In the secondary analysis, the double dose PPI-users had a higher risk of developing severe COVID-19 (OR = 3.36 [1.17–9.66]; P < 0.05) than the full dose PPI-users (OR = 2.15 [1.22–3.76]; P < 0.05) and the half dose PPI-users (OR = 1.64 [1.13–2.37]; P < 0.05). Likewise, recent PPIs-users (OR = 3.13 [1.69–5.79], P < 0.001) and long PPIs-users (OR = 1.79 [1.30–2.46], P < 0.001) had a higher risk of developing severe COVID-19 compared with PPIs-non users (Figure 2 and Appendix S5).

Discussion

In this study based on a large cohort of older people hospitalised for COVID-19, PPIs use was associated with an increased risk of severe COVID-19. To our knowledge, this is the first study specifically investigating this association in patients older than 65.
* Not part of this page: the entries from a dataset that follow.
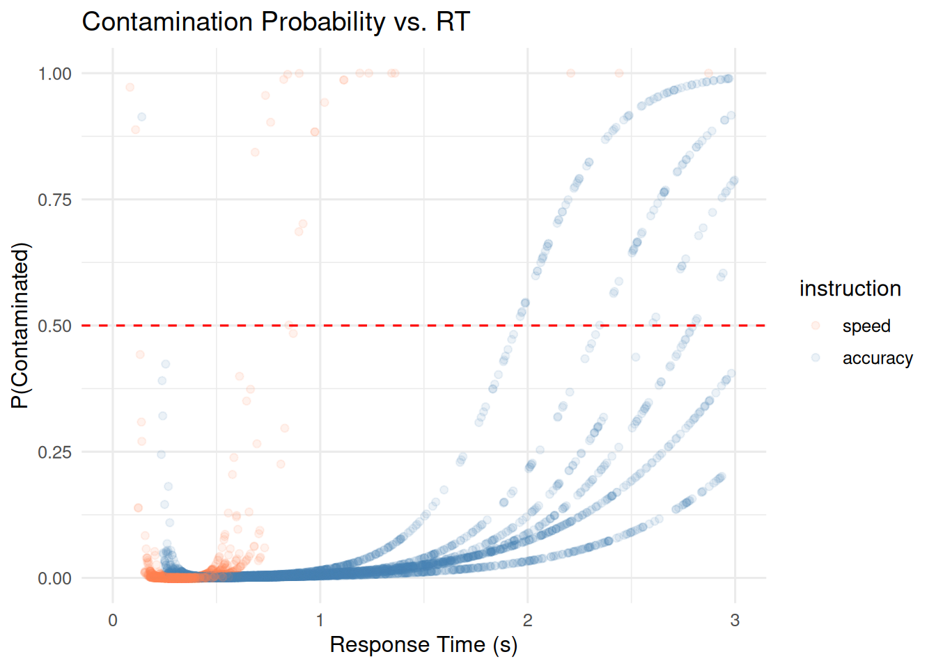 DDM and csWald work with individual trials, so contamination handling is optional. flag_contaminant_rts() implements the same mixture modelling approach as ezdm_summary_stats(method = "mixture") and returns a contamination probability for each trial; You can use these probabilities in various ways, such as filtering, probabilistic flagging, or weighting trials.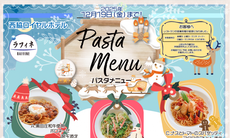 2025.10.31 レストラン レストランからのお知らせ(10/31更新) レストランのお知らせをこちらのページで掲載いたします。◆パスタメニュー一新しました!◆レストラン一部営業時間変更・店休...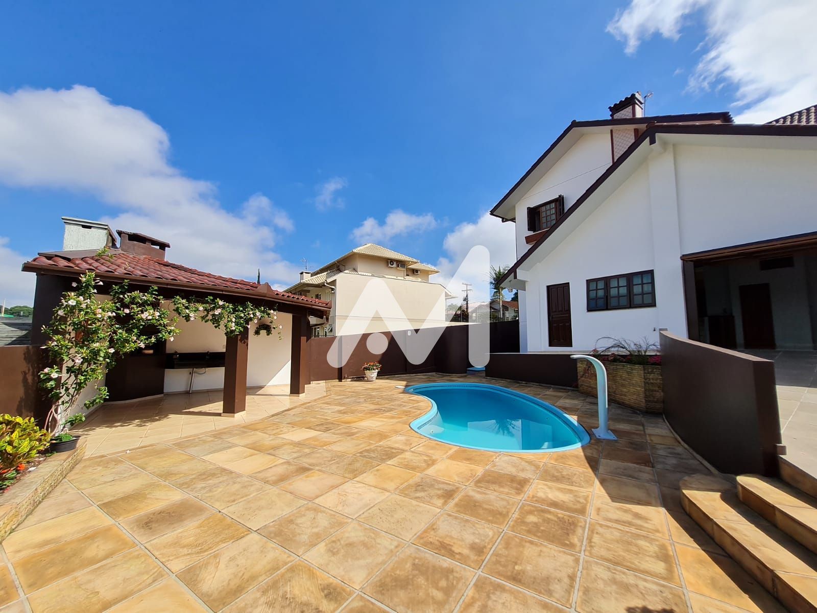 Características do Imóvel: Banheiro social, Churrasqueira, Cozinha, Lareira, Lavabo, Muro, Móveis planejados, Piscina, Portão eletrônico, Pátio, Sacada, Sala de estar, Sala de jantar, Varanda, Área de serviço
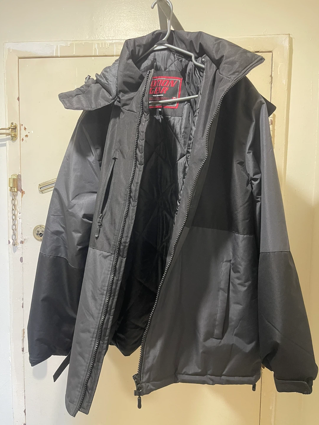 Selling a black winter jacket from Action Gear! It's in great condition and ready to keep you warm this winter. The jacket features a hood and a full zipper.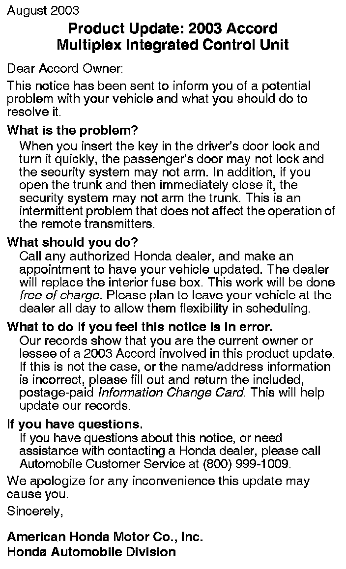 Campaign - Multiplex Integrated Control Unit Replacement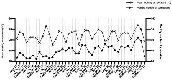 The present study is a descriptive, cross-sectional study. Data on mean monthly temperatures and on admissions to our clinic were collected retrospectively for the summer months of a 10 year period. The study included data from all patients admitted during the observation period to the acute psychiatric unit of San Luigi Gonzaga University Hospital in Orbassano, Turin, Italy. The total observation period was 40 months, i.e., the months from June to September of the years from 2013 to 2022. The data collection and analyses for the present study were conducted with the approval of the local Ethics Committee (Comitato Etico Interaziendale San Luigi Gonzaga; approval code: 7119/Tit:02/Cat:06).

Since the onset of the pandemic, numerous studies have been conducted to analyse the potential association between PPIs exposure and the risk of COVID-19 occurrence or development of severe COVID-19 [27–31]. Such an association could be explained in several ways. First, PPIs may facilitate secondary infection [23]. Indeed, co-infections are frequent in COVID-19 and can be responsible for severe outcome [32]. Second, PPIs have been identified in some studies as an independant risk factor for severe COVID-19 with increased risk of ICU admission and mechanical ventilation use [24, 33, 34]. In a study investigating the impact of medication on severe COVID-19, Mc Keigue et al. reported that severe COVID-19 was associated with polypharmacy and more precisely with antipsychotic agent and PPI use [35].

In our cohort, the increased risk of severe COVID-19 was PPIs dose-dependent, indicating a dose-effect relationship. Similarly, Almario et al. showed an increased risk with a dose-dependent effect [22]. In a nationwide database study, Israelsen et al. reported similar findings, showing a slight increase in COVID-19 infection among PPIs users compared with individuals who were PPIs-non users. In the dose–response analysis, individuals with current low-dose PPIs use had a lower risk of SARS-CoV-2 infection [36].

Interestingly, in our cohort, recent PPIs-users have an increased risk of severe COVID-19 than long term PPIs-users. An explanation could be that admitted inhospital older patients with severe COVID-19 receiving steroids were systematically treated with PPIs.

However, these results have not been confirmed. Other retrospective cohort studies did not confirm the relationship between PPIs and COVID-19 [37, 38], PPIs and mortality [39, 40] or adverse clinical outcomes in COVID-19 [38, 41, 42], even in older people in which a protective effect has even been discussed [43]. Other national database did not confirm a positive association between PPIs and COVID-19 [24, 41] leading to ongoing debates and discussions [44–46]. One hypothesis to explain these discrepancies could be that PPIs represent a marker of frailty rather than an independant risk factor for serious disease.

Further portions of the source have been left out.